金原 私はフランス語が全然しゃべれない状態で行ったので、最初はすごくつらかったです。事前に、在仏経験のある作家の方に相談したら、もちろん勧めてくれたんですが、自分たち作家にとって言葉が通じないことがいかにつらいかということを、メールで返信してくれた。「私はべつに言葉に依存した人間じゃないし大丈夫」と思ってたんですけど、ほんとにぜんっぜんダメでした。自分が三歳の子供と同レベルか、それ以下の言語力であることの絶望感と焦燥感というのが強烈にのしかかってきた。今日食べられるだけ、寝られるだけでも神様に感謝したくなる、生きている実感にすごくさらされる毎日です。翻訳アプリをいくつもダウンロードしましたが無意味でした。
 でも言葉が通じて、同じように空気を読み合っているつもりでも、相手がなにを考えているか決定的にわからないことってありますよね。同じ言葉で表現しながら、全然べつの方向を向いている、ぞっとするような体験です。この言葉を介した関係の、いい面と悪い面を、いまもずっと探っている感じがします。

■奪われた世界で何を書くか

―― 金原さんは、しばらく日本には帰ってこないおつもりですか。

金原 いや、わからないですね。やっぱりエリナみたいに、そのときどきの欲望に忠実に、国境を越えていく生き方ができたらいいなと思っています。でも実際問題、外国で暮らすのはほんとうに大変で。現実は小説よりも奇なり、じゃないですけど、人間の神秘みたいなものに近いような、こちらの常識がまったく通じない体験とかもあるわけです。人間の多様なふり幅を感じさせるような。
 たとえば『持たざる者』で、朱里は、自分たちで建てた二世帯住宅を、海外に赴任している間に兄夫婦に占拠され、勝手に私物を捨てられます。実際にこれと似たような体験をしたときは、あっけにとられすぎて人間ってすごいなあと思ってしまった。 朱里にとって、よりどころにしていた家を奪われるというのは、世界を奪われたのと同じだと思うんです。修人とエリナは、震災の影響を受けて特殊な環境に身を置くことになった人たちですが、朱里はちがう。彼女のような、下世話で通俗性を持った人間も書いておくことで、この作品はバランスがとれた気がしています。
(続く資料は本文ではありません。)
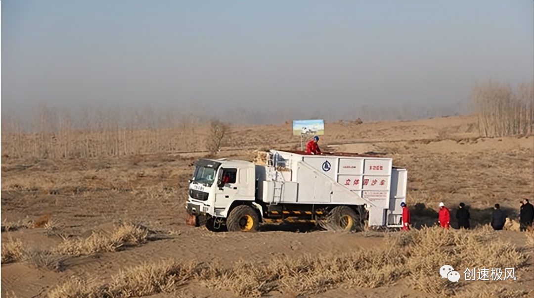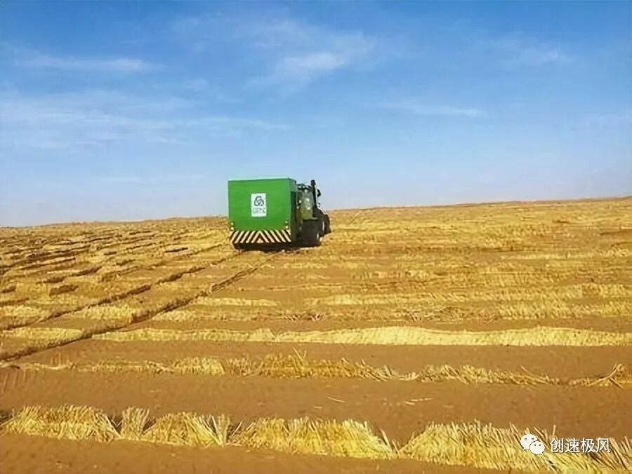 它行走在沙漠之中,一天就能完成40亩沙漠的治理,目前已在甘肃等多地投入使用。

―― 第四章ですね。郊外型のリアルライフの悪夢が、朱里のものすごい呪詛の言葉とともに一気に展開されます。四人目の視点人物である朱里にきて、ジェットコースター感が出てくる。決定権を行使しないと、どういう不幸が待っているかというひとつの例になっていて怖かったです。持っていた者は思わぬ局面で持たざる者に転落し、エリナのようになにも持たずにしがらみなく生きていたら、人との出会いでまた世界が変わることもある。その転換のさまがひじょうにダイナミックでした。
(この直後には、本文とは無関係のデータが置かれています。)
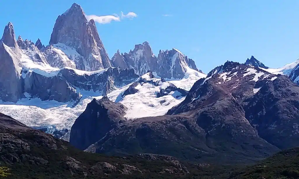 Its shark-toothed summits intermittently hide behind menacing clouds and lashing storms. Sun breaks reveal Fitz Roy’s majesty and refresh the aquamarine glacial lakes dotting its slopes. The range shares space with 13 other peaks exceeding 10,000 feet in Los Glaciares National Park.

金原 人によって、なにが自分のそれまでの世界を奪っていくかは、わからないものです。そのひとつが原発事故であり、子供の死、人との出会い、家の乗っ取りだったわけです。その普遍的な部分を読み取ってもらえばうれしいです。

―― 最後に、今後の作品についてお聞かせください。

金原 じつは、次の作品はもう書き上がっています。『持たざる者』をすごく時間をかけて書いていたぶん、終わった途端になにか堰が切れたように次の作品がすごい勢いで流れてきて、半年ぐらいですっきり書けました。そのあとのことはまだわかりません。でも今後も、突拍子もないSF小説とかは書かないし、書けないと思います。現実感覚をベースにして、書いている間に自分が体験したり考えたりしたことを一〇〇%詰め込むようにして、ひとつずつ作品を書いていけるようにがんばります。

―― 今日はありがとうございました。


(2015.4.2 神保町にて)
撮影/露木聡子

担当編集コメント
 2年前の2013年3月末。
 冬の寒さを引きずるパリで、金原さんにお会いしました。
 当時6歳と2歳の娘さん二人を連れて移住してから、一年が経とうとしている頃だったでしょうか。
 幼児二人を連れてカフェに現れた金原さんは、リラックスしていながらも、どこか緊張を解けないままでいるように見えました。
 思えば、あの頃は新しい環境の中、混沌と当惑、焦燥を抱えていた最も大変な頃だったのかもしれません。
 こちらもプライベートの子連れ旅行中だったこともあり、落ち着かない4人の子供たちを前に、育児や家事、外国暮らしの困難さに話題は終始し、話し足りない思いを抱えながら小説の具体的なことについては次の機会に、となりました。
 その後、メールでのやり取りなどを経て、何度も書き直し、1年半をかけて出来上がったのが本作『持たざる者』です。
「色々と変化した考え方もあり、価値観もあり、そういう自分自身の感じた諸々も小説内に詰まっている」という脱稿当時の金原さんからのメールにあるように、結婚、出産、育児、異国への移住、そして震災を経て、等身大の現実とそれに伴う葛藤が、繊細でいながら力強い文章で綴られています。
 小説の登場人物は、日本や外国に暮らす30代の日本人男女4人。仕事の方向性や家族の有無、将来が何となく見え始める世代と言えるでしょう。
「震災後、人生や小説の執筆に対するコントロール感覚を喪失した焦燥感と虚無感」を感じた著書自身が一番投影されている、震災後に仕事が手につかなくなるデザイナーの修人。幼い息子を突然死で喪って以来、現実感覚が取り戻せないままの千鶴。放射能汚染を避けてロンドンに暮らしながら空白感を抱えるエリナ。エリナの「ママ友」で、夫より一足先に待望の帰国を果たしたものの、義兄夫婦に自宅を乗っ取られている専業主婦の朱里。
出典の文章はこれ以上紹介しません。